CLIMATE POSITIVE

A tiny tweak in California law is creating a strange thing: carbon-negative oil

A tiny tweak in California law is creating a strange thing: carbon-negative oil
Image: Carbon Engineering

There is a set of technologies, scientists say, without which the world is unlikely to avert climate crisis. These so-called “negative-emissions technologies” have been discussed by climate scientists in academic journals for many years. But now, entrepreneurs at three startups—one each in the US, Canada, and Switzerland—are vying to bring the most promising of those technologies to market. They will potentially offer the world a new set of tools to stave off climate catastrophe—a reverse gear on a car headed for the cliff.

The startups have each been developing a technology called direct air capture. The idea is to build machines that can filter the air and capture only carbon dioxide molecules. If those molecules aren’t released into the atmosphere, the result is negative emissions. So far every startup has showed the technology works. The next hurdle is to scale the technology and lower its cost.

First out of the gate was Climeworks. In 2017, with the help of small grants from the EU, the Swiss startup installed a machine in Iceland that captured carbon dioxide from the air, mixed it with water, and injected it underground. There, thanks to geology, the gas reacted with minerals to become stone. The machine captures about 50 metric tons each year, which is the annual emissions of one household in the US—or about 10 in India.

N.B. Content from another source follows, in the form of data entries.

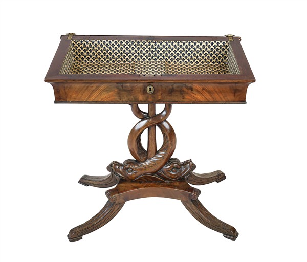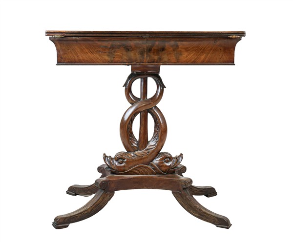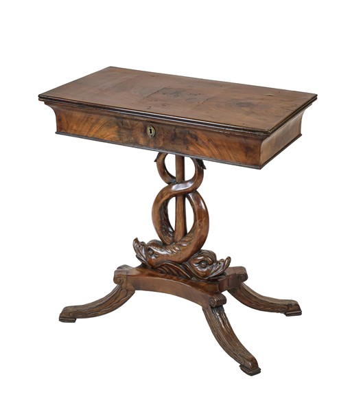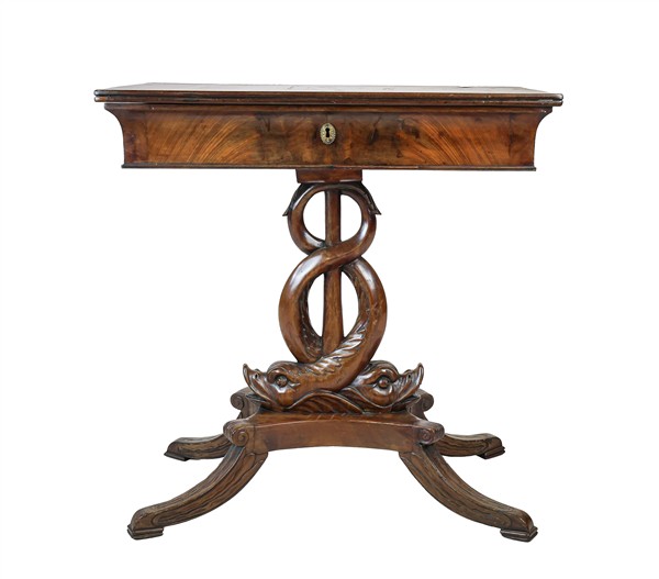 Tavolino da lavoro impiallacciato in mogano con sostegno a doppio delfino intrecciato su base a quattro gambe, piano ribaltabile. Secolo XIX (cm 67x68x37) (difetti)
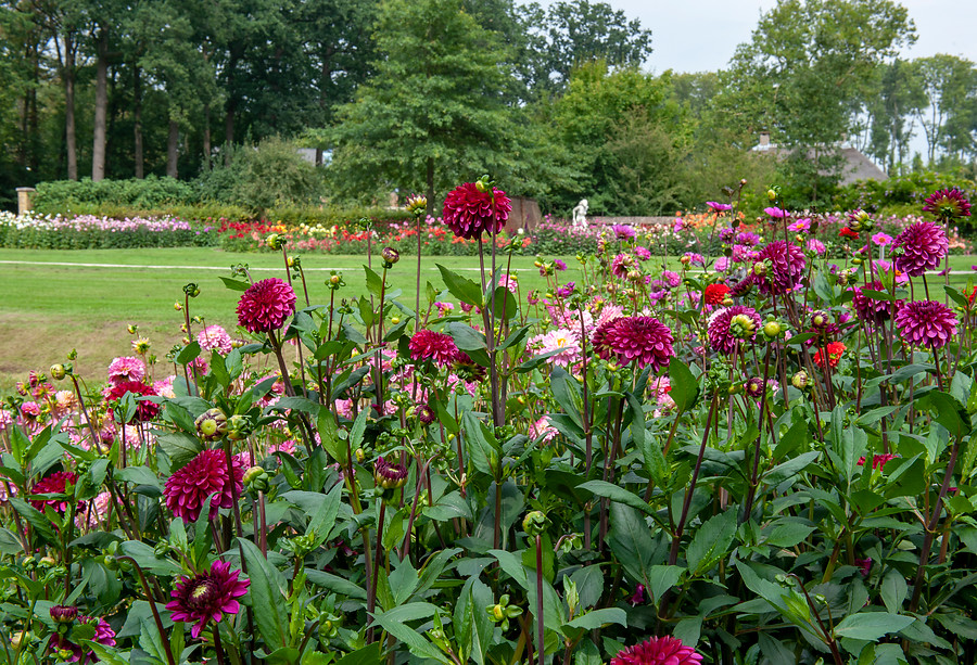Entre sus múltiples atractivos, hoy os propongo que nos paremos a disfrutar de las flores de más de 150 especies de dalias (Dhalia) que estos días continúan dando color a los jardines del Castillo de Keukenhof, porque los bulbos que florecen en verano y otoño también brillan en Lisse.
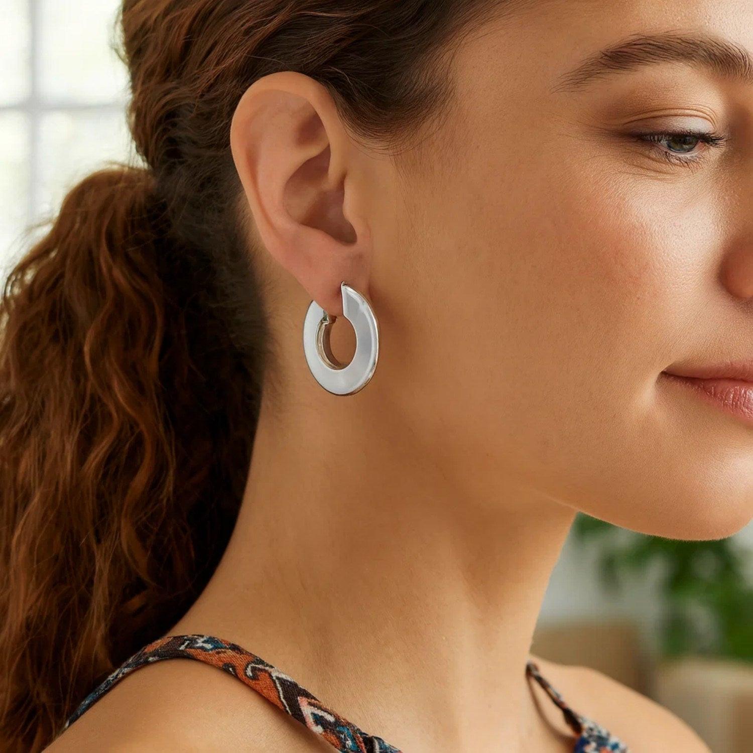 Chic sterling silver rhodium plated small puffed hoop earrings featuring a smooth, rounded design with a radiant polished finish. The puffed silhouette offers subtle elegance and shine, while the rhodium plating ensures lasting brilliance and everyday sophistication.
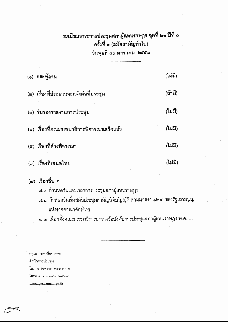 ชื่อเอกสาร : ระเบียบวาระการประชุมสภาผู้แทนราษฎร ชุดที่ 23 ปีที่ 1 ครั้งที่ 3 (สมัยสามัญทั่วไป) ในวันพุธที่ 30 มกราคม 2551 เวลา 09.30 น.
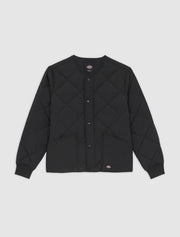 Lightweight and element-ready, the Samburg liner jacket is filled with mid-light synthetic filling that's warm without weighing you down. It features oversized diamond quilting at the body, snap closures, patch pockets, and elastic cuffs for extra comfort. This jacket is finished with the iconic woven Dickies label on the left patch pocket.
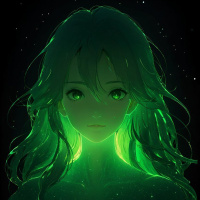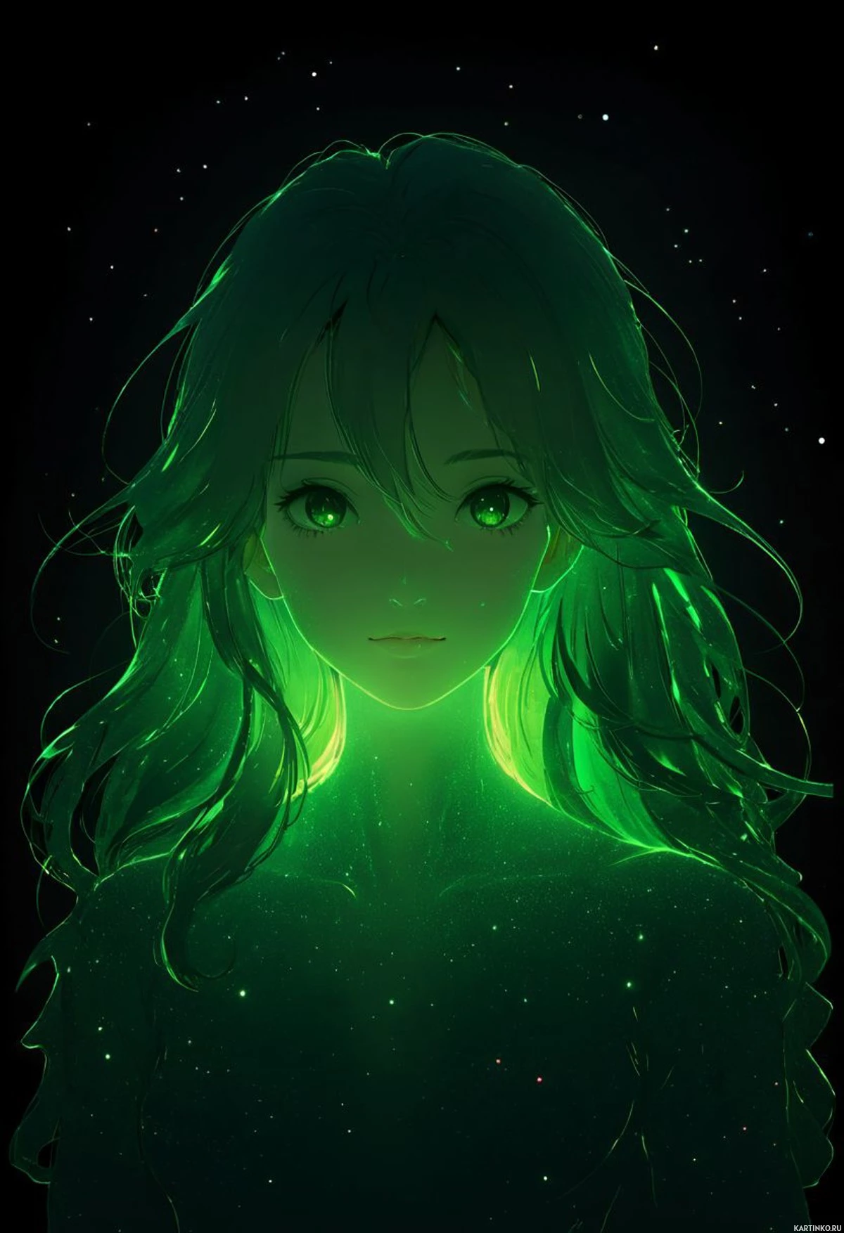expressive eyes and is wearing what appears to be a dark top or shirt. There are neon-green lights emanating from her neckline and illuminating the area around her face, which adds a futuristic or mystical element to the image. The background suggests
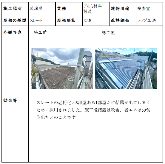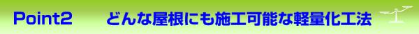 板ラップ工法でも荷重の関係で設置できない建物もあります。本工法は、鋼板の重量をこれまでの60%削減、僅か3Kg/㎡以内としどんな屋根にも施工可能としました。従って、荷重的に厳しいスレート屋根にも問題なく施工可能です。
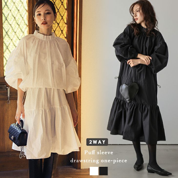 ワンピース ドローコード ドロスト ぽわん袖 フレア 【春夏半額SALE対象】 [AMELY by La-gemme]ワンピース ドローコード ドロスト ぽわん袖 フレア 長袖 ドロップショルダー 大人かわいい トレンド レディース おすすめ おしゃれ フリーサイズ メール便 2025春夏新作【awpaw24-671】【即納:1-5営業日】【送料無料】メ込2
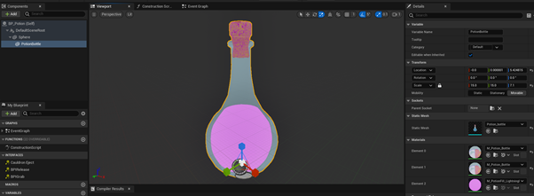 I’ve added two static meshes to the cauldron to represent the cauldron contents, updated when ingredients are added. While setting this up I also took the liberty of adding a switch to stop too many ingredients from being added, and return a success bool for the ingredients actors to use in a branch to prevent their life spans being set when not added to the cauldron.

But to hit the more ambitious climate goals set under the Paris climate agreement, annual negative emissions need to reach more than 1 billion metric tons by mid-century. That’s why an announcement made last month in Jackson Hole, Wyoming was especially interesting. Canadian startup Carbon Engineering is pairing with US oil giant Occidental Petroleum to build a plant by 2022 that will capture and bury 500,000 metric tons each year. The plant is expected to cost hundreds of millions of dollars.

Rarely have energy or climate technologies scaled up at that pace—many orders of magnitude in less than five years. Rarer still is the likelihood that this plant will make money. Most early energy technologies lose money. Pulling it off took the genius of a Harvard professor, the climate ambition of an oil CEO, and the long-term thinking of California lawmakers.

Sucking it up

David Keith is a professor at Harvard University working on geoengineering.
David Keith is a professor at Harvard University working on geoengineering.
Image: Carbon Engineering

David Keith is a no-nonsense academic at Harvard University studying geoengineering, a set of ideas to manage the Earth’s climate on a planetary scale. In 2009, he co-founded Carbon Engineering with Geoff Holmes, a student from his research lab.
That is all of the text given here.